[WHAT TO PRODUCE]:
Although the data below contains pictures, output only the lines between those holding "マント、コート、シャツ、パン" and "ここで初めてレセプションを見", inclusive, exactly and without those pictures.

Source data:
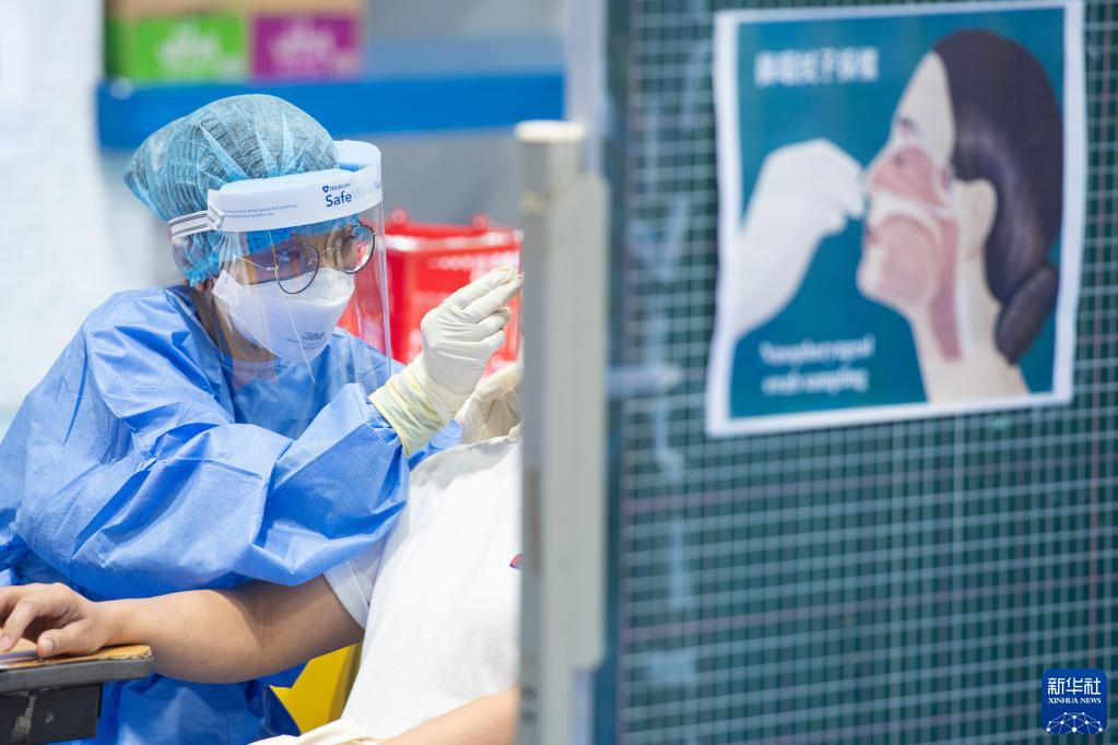 医护人员在澳门利马窦中学全民核酸检测站为市民采样(8月4日摄)。新华社记者 张金加 摄
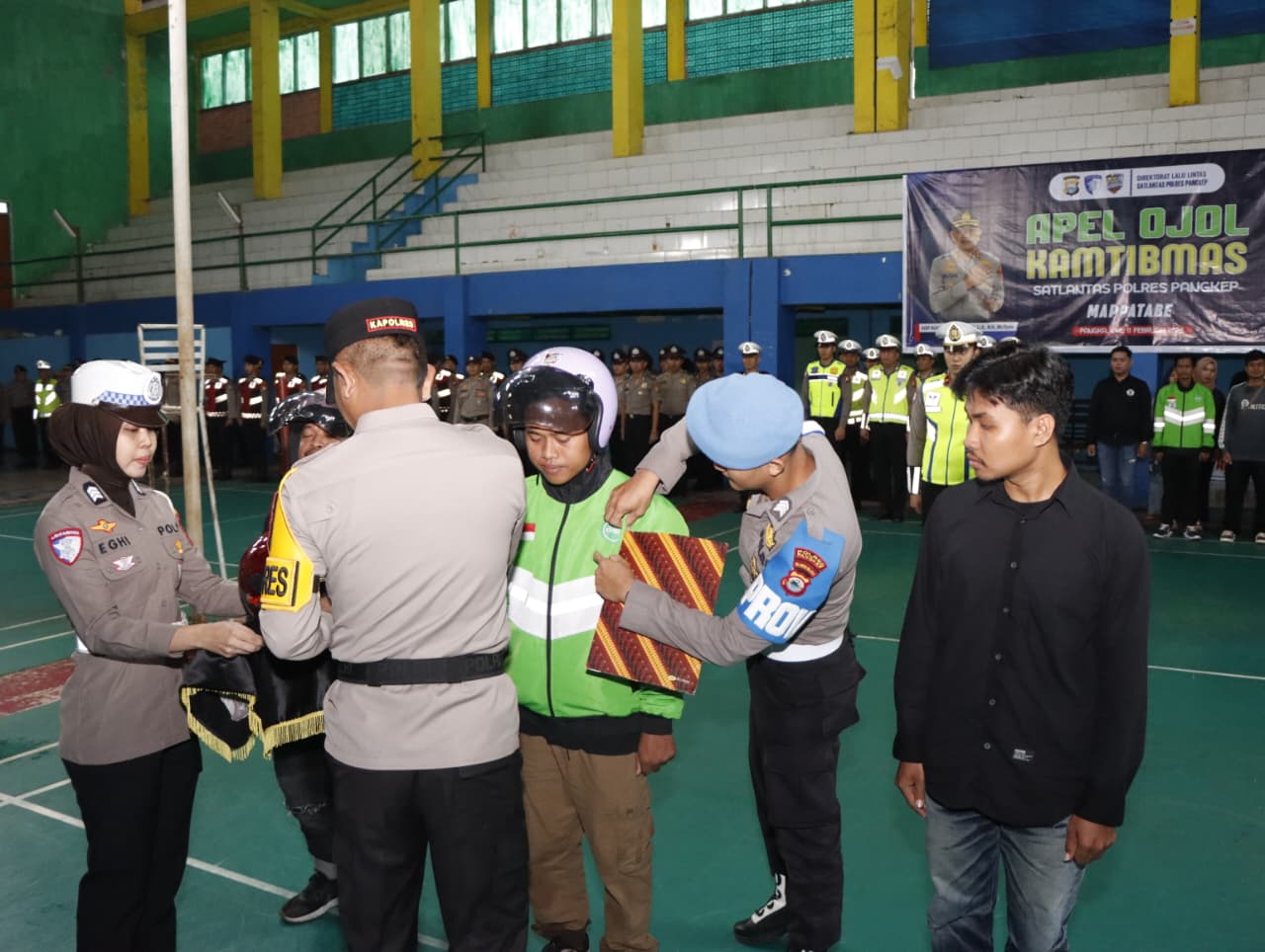 Dalam momentum tersebut, Kapolres Pangkep menyematkan pin Polantas Mappatabe dan memasangkan helm kepada perwakilan pengemudi ojol sebagai simbol komitmen bersama terhadap keselamatan berlalu lintas.
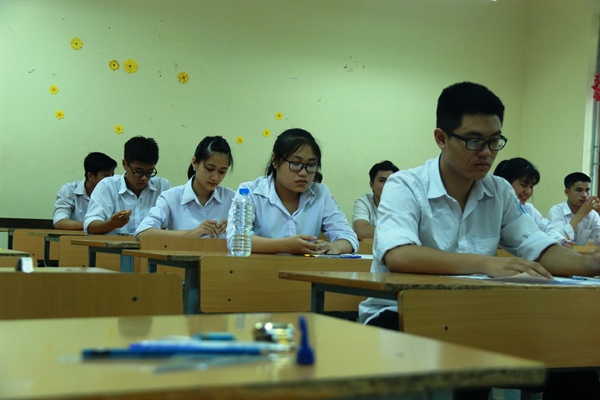 Thí sinh tại điểm thi Trường THPT Yên Viên (huyện Gia Lâm, Hà Nội), kỳ thi THPT quốc gia 2018. Ảnh Hùng Thanh
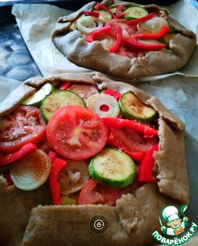 До чего я люблю галеты: с ними мало хлопот, а с овощами отлично подойдут добавкой к супу. Очень удобно варить суп и печь галету одновременно. Пока бульон варится, замесить тесто. А, когда готовишь начинку, обрезки идут в суп, как говорится безотходное производство. Количество ингредиентов даётся на 2 галеты диаметром 20 см.
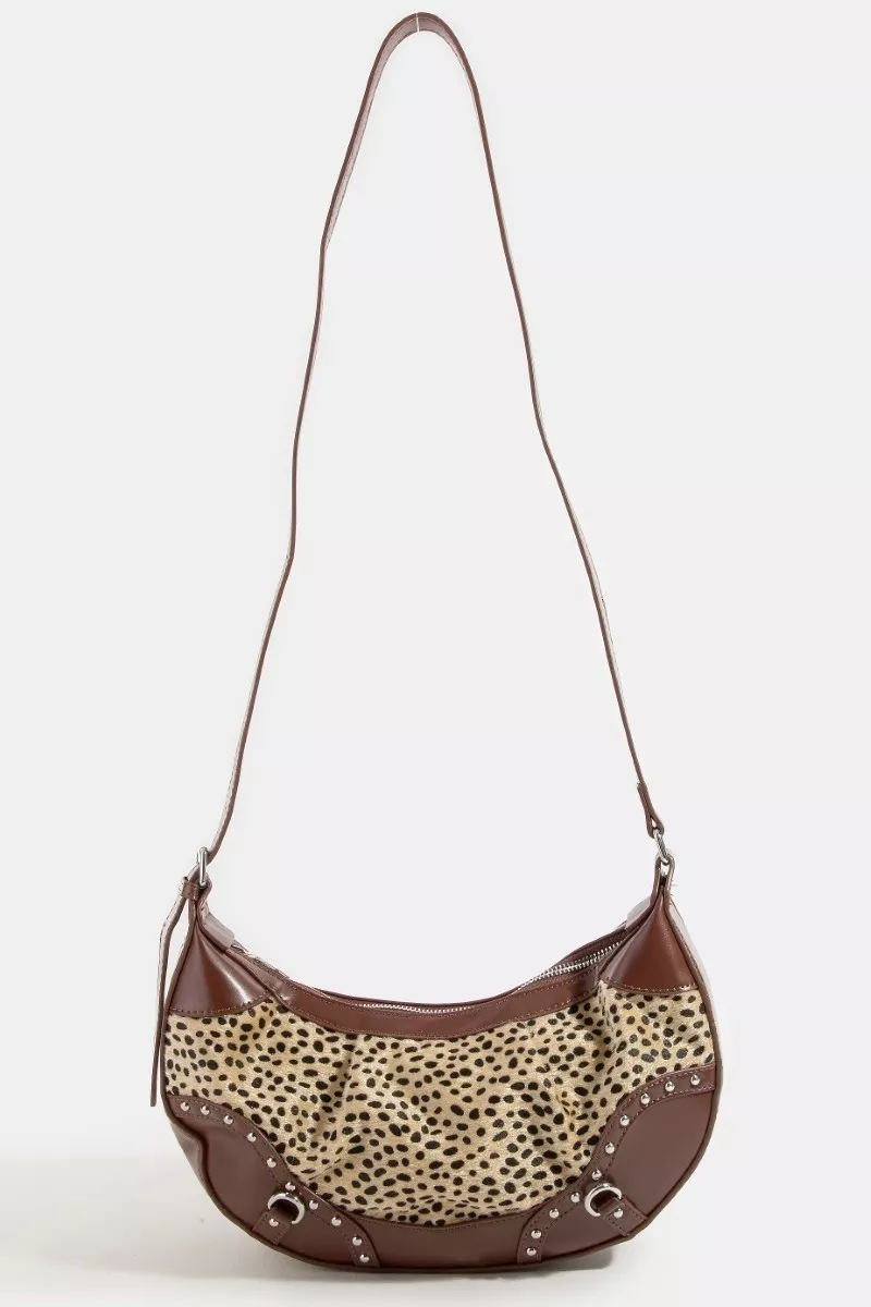 Fame Spotted Leopard Print Half Moon Shoulder Bag
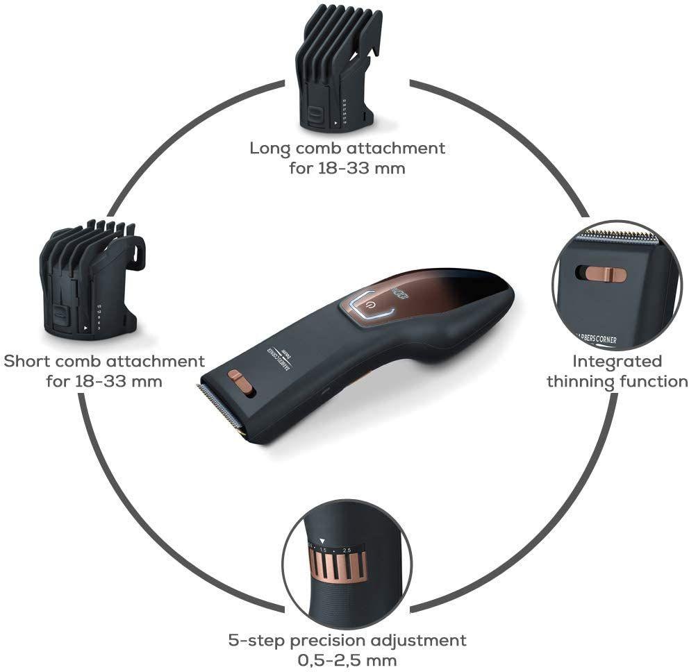 - Насадки: регулируемые по длине насадки-гребни: 3–15 мм и 18–33 мм
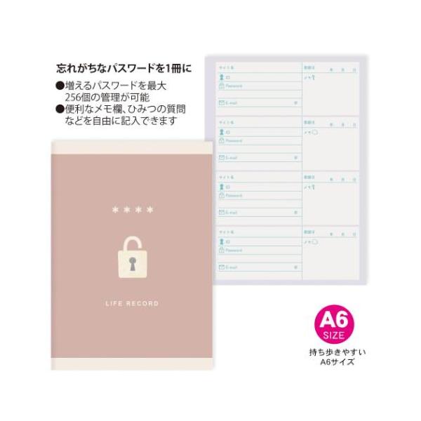 文具 文房具 おしゃれ 仕事 学校 社会人 ノート毎日の暮らしを豊かで楽しくする[HOME MANAGEMENT]シリーズこちらはパスワードを忘れないように1冊にまとめられる[ライフレコードノート]増えるパスワードを最大256個まで管理できますコンパクトなA6サイズで持ち歩きにも便利他にもいろいろあるのでお気に入りを揃えてくださいサイズ:約105x148mm(A6サイズ/64ページ)[Made in Japan] オフィス用品/事務用品/文房具/オンライングショップ/ステーショナリー 筆記用具 ノート「ノートその他」
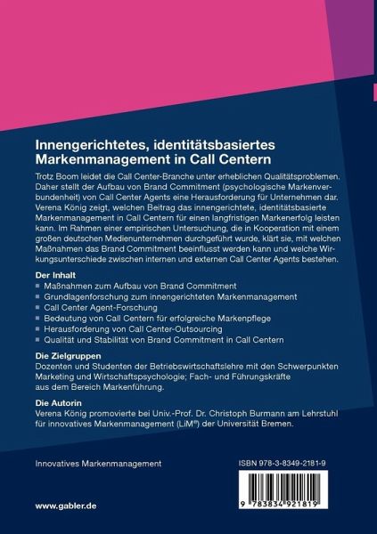 Trotz Boom leidet die Call Center-Branche unter erheblichen Qualitätsproblemen. Daher stellt der Aufbau von Brand Commitment (psychologische Markenverbundenheit) von Call Center Agents eine Herausforderung für Unternehmen dar. Verena König zeigt, welchen Beitrag das innengerichtete, identitätsbasierte Markenmanagement in Call Centern für einen langfristigen Markenerfolg leisten kann. Im Rahmen einer empirischen Untersuchung, die in Kooperation mit einem großen deutschen Medienunternehmen durchgeführt wurde, klärt sie, mit welchen Maßnahmen das Brand Commitment beeinflusst werden kann und welche Wirkungsunterschiede zwischen internen und externen Call Center Agents bestehen.
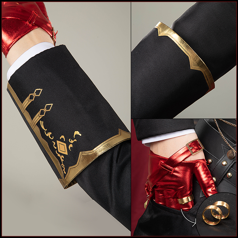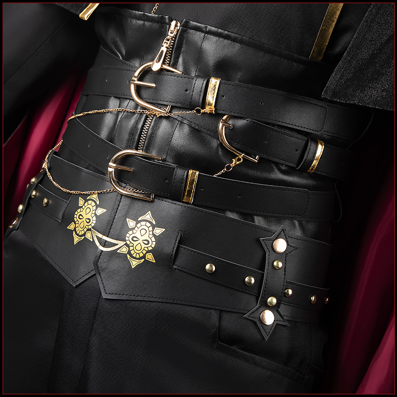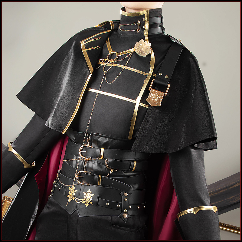 マント、コート、シャツ、パンツ、飾り物(胸飾り2点、手袋2点、腰布、ウエストチェーン、ベルト4点、腿飾り、帽子)
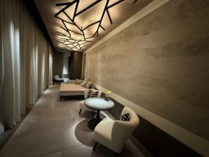 ここで初めてレセプションを見る事にもなりました。そういえば1階の入り口から3階のスパに直接移動したので5階のレセプションはこのタイミングが初めてです。和を感じながらもジャヌを作っていこうとする方向でしょう。新しいブランドの立ち上げ・しかも世界初のブランドなので苦労も大きいでしょうが遣り甲斐も大きいのではないでしょうか?
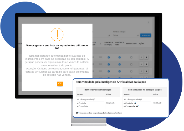 Seja os de revenda ou os da produção na cozinha, a IA vincula os itens e facilita a baixa de estoque no momento da venda
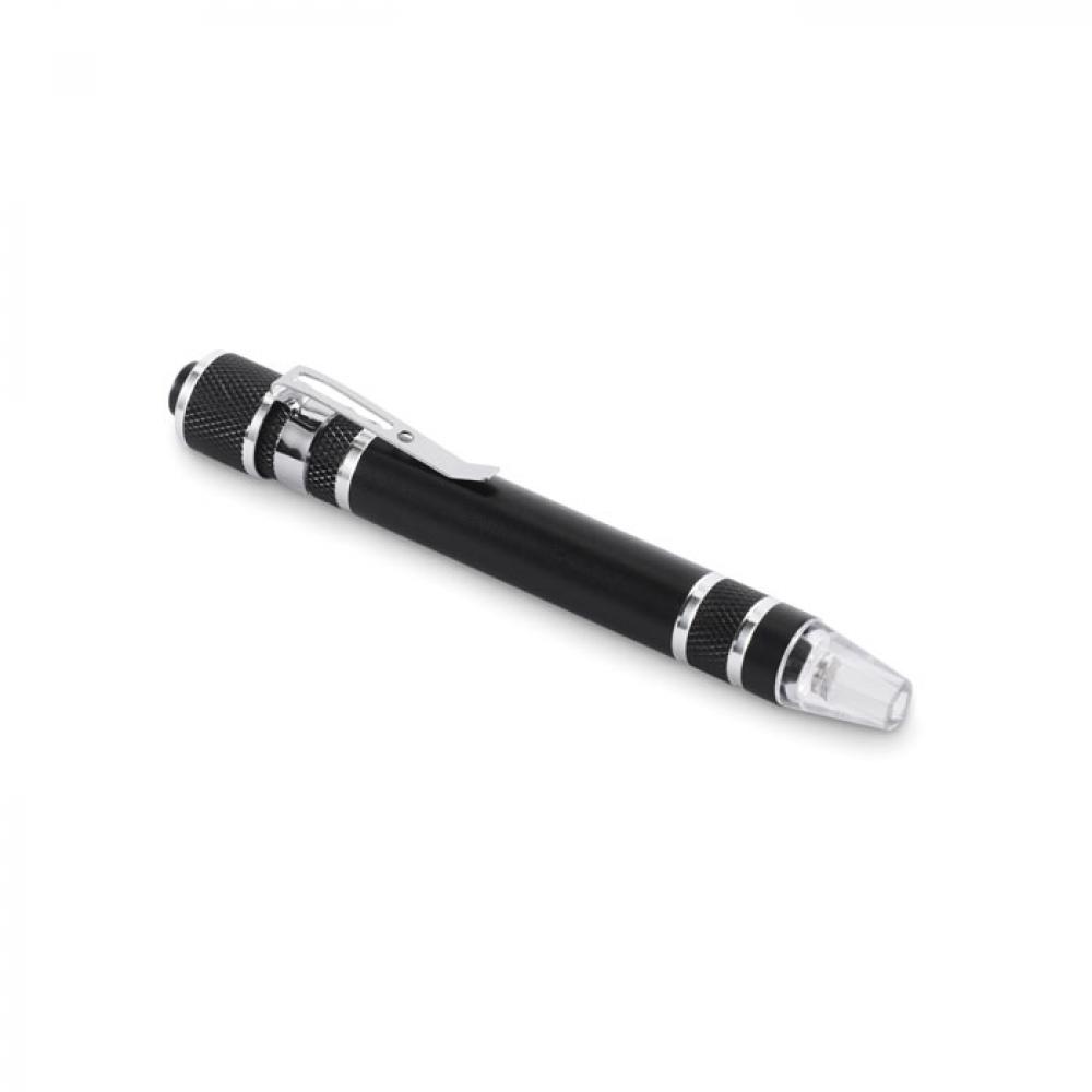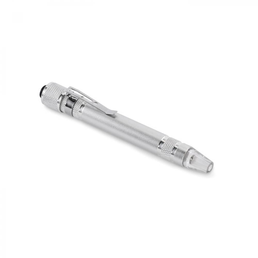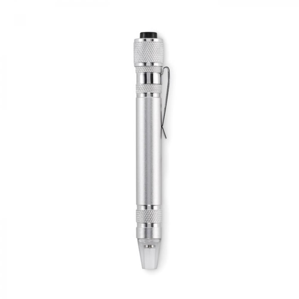 Мультиинструмент из переработанного алюминия в форме ручки с фонариком. Включает 3 шлицевые и 3 крестовые отвертки. В комплект входят 4 батарейки LR41.

[RESULT]:
 マント、コート、シャツ、パンツ、飾り物(胸飾り2点、手袋2点、腰布、ウエストチェーン、ベルト4点、腿飾り、帽子)
 ここで初めてレセプションを見る事にもなりました。そういえば1階の入り口から3階のスパに直接移動したので5階のレセプションはこのタイミングが初めてです。和を感じながらもジャヌを作っていこうとする方向でしょう。新しいブランドの立ち上げ・しかも世界初のブランドなので苦労も大きいでしょうが遣り甲斐も大きいのではないでしょうか?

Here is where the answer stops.